Kappa Librae

Observation data Epoch J2000 Equinox ICRS
- Constellation: Libra
- Right ascension: 15^{h} 41^{m} 56.79858^{s}
- Declination: −19° 40′ 43.7745″
- Apparent magnitude (V): 4.72

Characteristics
- Spectral type: K5 III
- U−B color index: +1.94
- B−V color index: +1.58

Astrometry
- Radial velocity (R_{v}): −4.5±1.5 km/s
- Proper motion (μ): RA: −32.06 mas/yr Dec.: −103.15 mas/yr
- Parallax (π): 10.57±1.40 mas
- Distance: approx. 310 ly (approx. 90 pc)
- Absolute magnitude (M_{V}): −0.62

Details
- Mass: 1.6 M_{☉}
- Radius: 38 R_{☉}
- Luminosity: 388 L_{☉}
- Surface gravity (log g): 1.35 cgs
- Temperature: 3,875 K
- Metallicity [Fe/H]: −0.39 dex
- Other designations: κ Lib, 43 Lib, BD−19°4188, FK5 1413, HD 139997, HIP 76880, HR 5838, SAO 159442

Database references
- SIMBAD: data

= Kappa Librae =

Star in the constellation Libra

Kappa Librae is a star system in the zodiac constellation of Libra. Its name is a Bayer designation that is Latinized from κ Librae, and abbreviated Kappa Lib or κ Lib. Its apparent visual magnitude is 4.72, so it can be seen with the naked eye. The annual parallax shift of 10.57 mas indicates it is roughly 310 light years away. It is positioned 0.02 degrees south of the ecliptic.

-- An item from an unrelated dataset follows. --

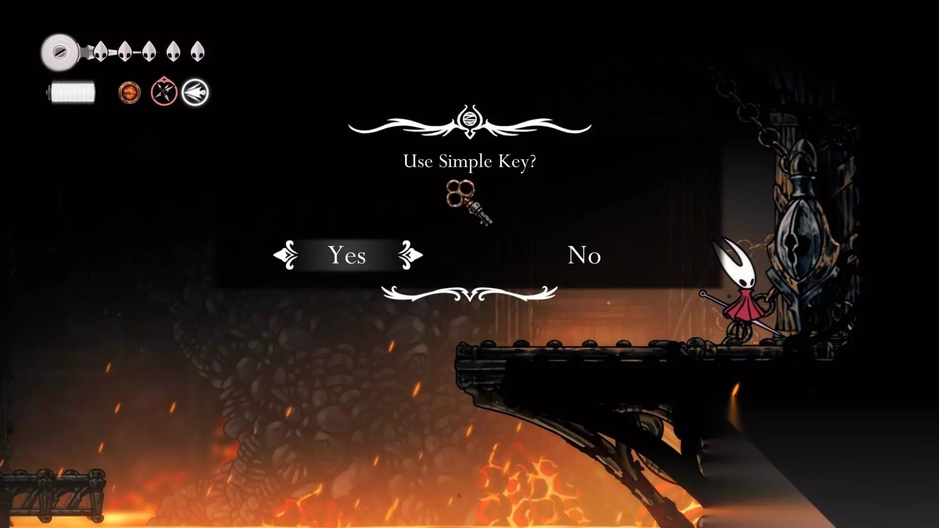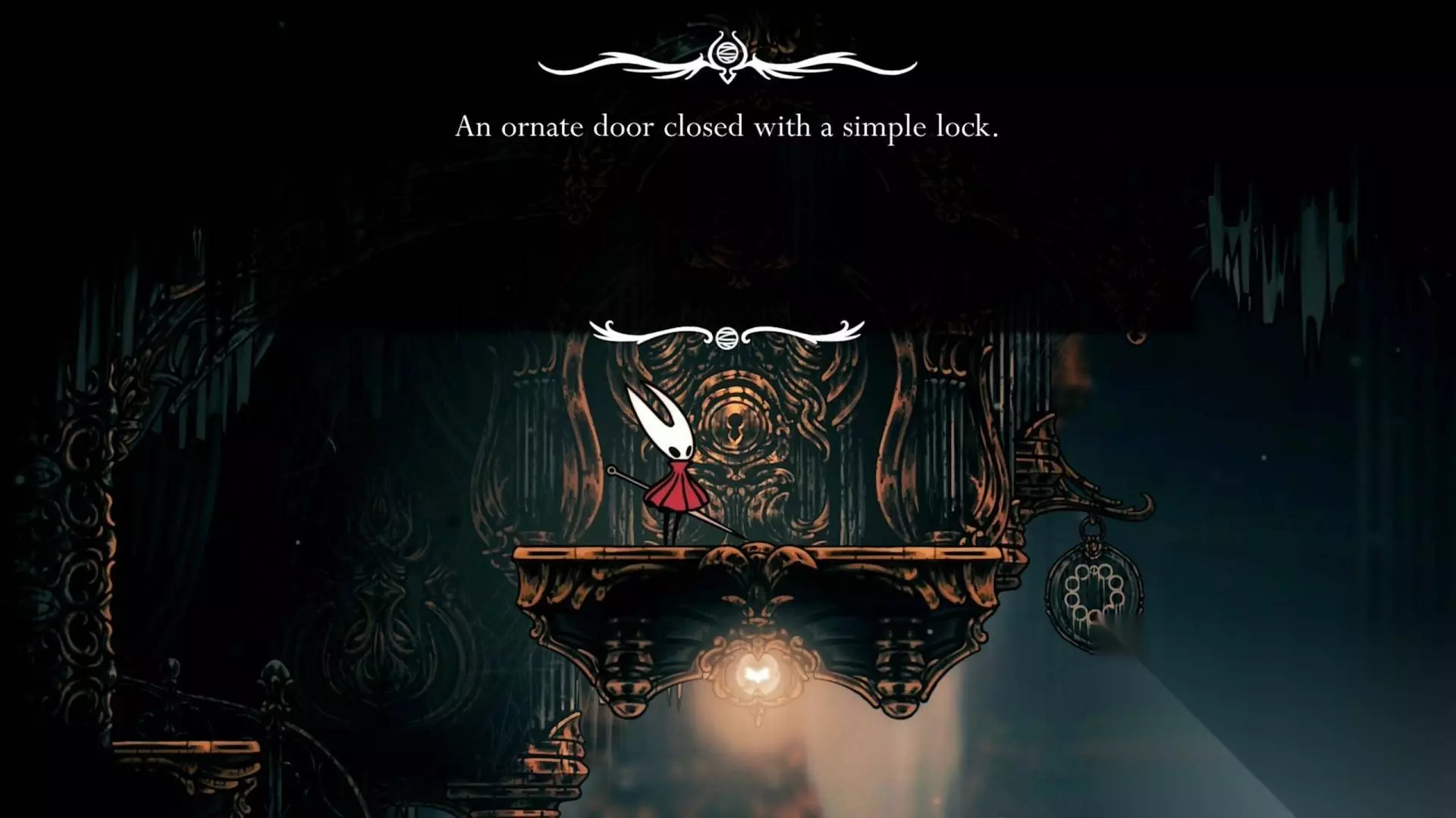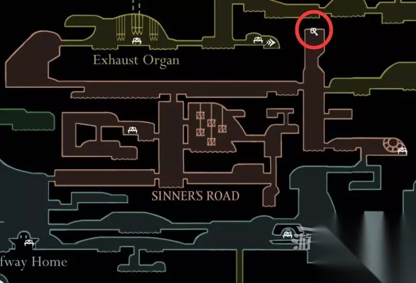 简易钥匙门02 在解锁冲刺后,玩家可以穿过熔岩区域,在深坞找到这扇门。这个区域不仅可以获得大量念珠奖励,右上角还可以开启通往远野的近路,并获得工具【燧石板】。就像是在游戏中找到一条捷径,让你快速提升实力。

The star shows acceleration components in its proper motion, indicating with high probability that it is an astrometric binary. The visible component is an evolved K-type giant star with a stellar classification of K5 III. It is a suspected variable star with a brightness that ranges between 4.70 and 4.75. Kappa Librae is 38 times larger than the Sun, and is radating 388 times the solar luminosity from its outer atmosphere at an effective temperature of ±3,875 K.

In Chinese astronomy, Kappa Librae is called 日, Pinyin: Rì, meaning Sun, because this star is marking itself and stand alone in Sun asterism, Room mansion (see: Chinese constellations).